В то время, как бен Галауд вошел в дом, Балладу работал, как он это делал ежедневно, вот уже пятнадцать лет, над критическим трудом «Война галлов».
Принц постучал, когда профессор только что застал Цезаря на месте грамматического преступления: текст содержал настоящее время сослагательного наклонения там, где должно было быть прошедшее незаконченное. Еще более удивительным фактом, который позволял непременно отстаивать свое право на открытие, было то, что ни один грамматист до сих пор не заметил этой ошибки. О, счастливый день! Надо немедленно составить убедительную заметку и послать ее в институт! Так, идя открывать дверь (жил он один), исследователь был еще пунцовым от удовольствия.
Представившись, принц изложил мотив своего визита. Но Балладу прервал его на полуслове. Сначала спросил, знает ли гость «Войну галлов», изданную в собрании Бюдэ, и сразу же, не дожидаясь ответа, спросил еще, не обнаруживал ли он когда-нибудь ошибку в 638 строке текста?
Принц никогда не читал Цезаря. Но (божественная фортуна!) он принял задумчивый вид, скрывая свое неведенье, затем закатив свои прекрасные восточные глаза, ответил глубокомысленно, что знал, но забыл. И после того с восторгом и восхищением обратил свой взор к профессору.

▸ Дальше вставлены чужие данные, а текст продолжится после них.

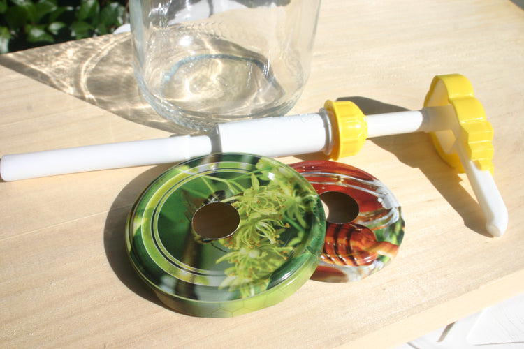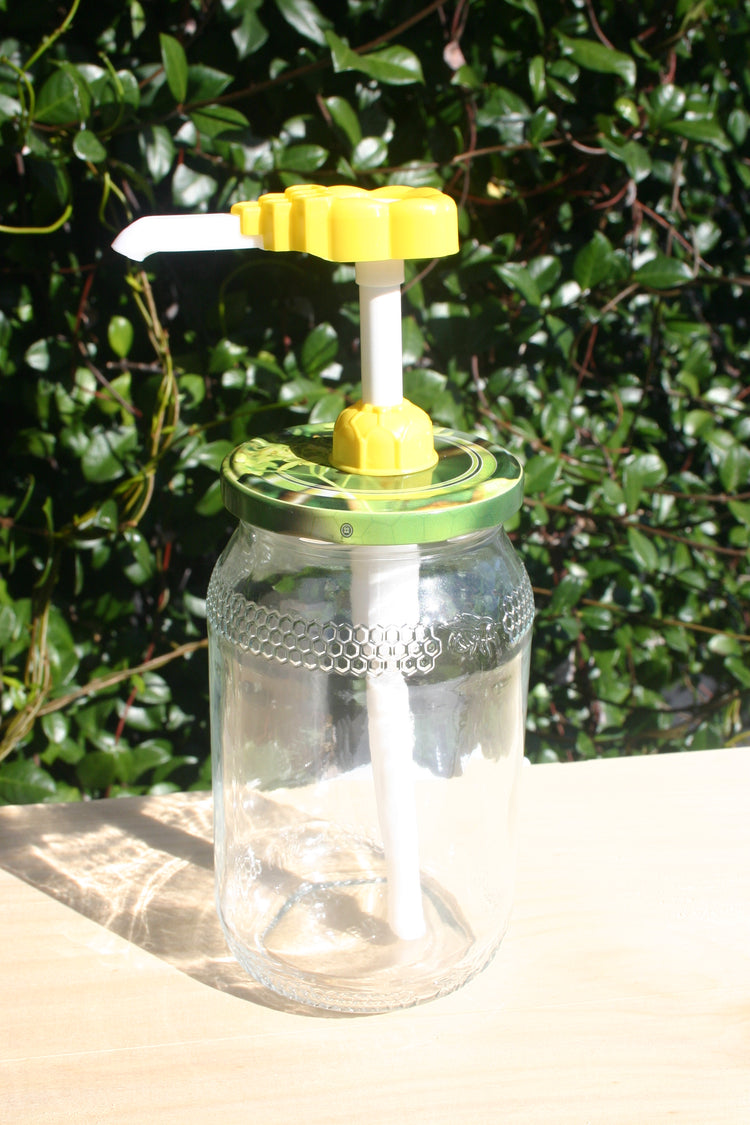 Honey Pumps with Two Lids. Fabulous alternative to the honey stirrer method of dishing out the goods.

Увидев это, академик ослаб от радости.
«Вот он, его истинный последователь! О, как добры ко мне боги!» — примерно так Балладу рассуждал в течение двадцати минут с неиссякаемым воодушевлением, изливая, как из источника, самые необоснованные хвалы. После чего он подписал контракт о диссертации, проводил посетителя до двери, вновь сел за стол, постукивая руками по краю, что ему не позволял обычно делать мучительный, упорный ревматизм.
Всякое начало приносит чудесное обещание: оно порождает надежду. Затем, со временем, возникают препятствия, накапливаются трудности. Как ни старайся одновременно видеть небо и землю, горизонт грез суживается и затушевывается, энтузиазм пропадает.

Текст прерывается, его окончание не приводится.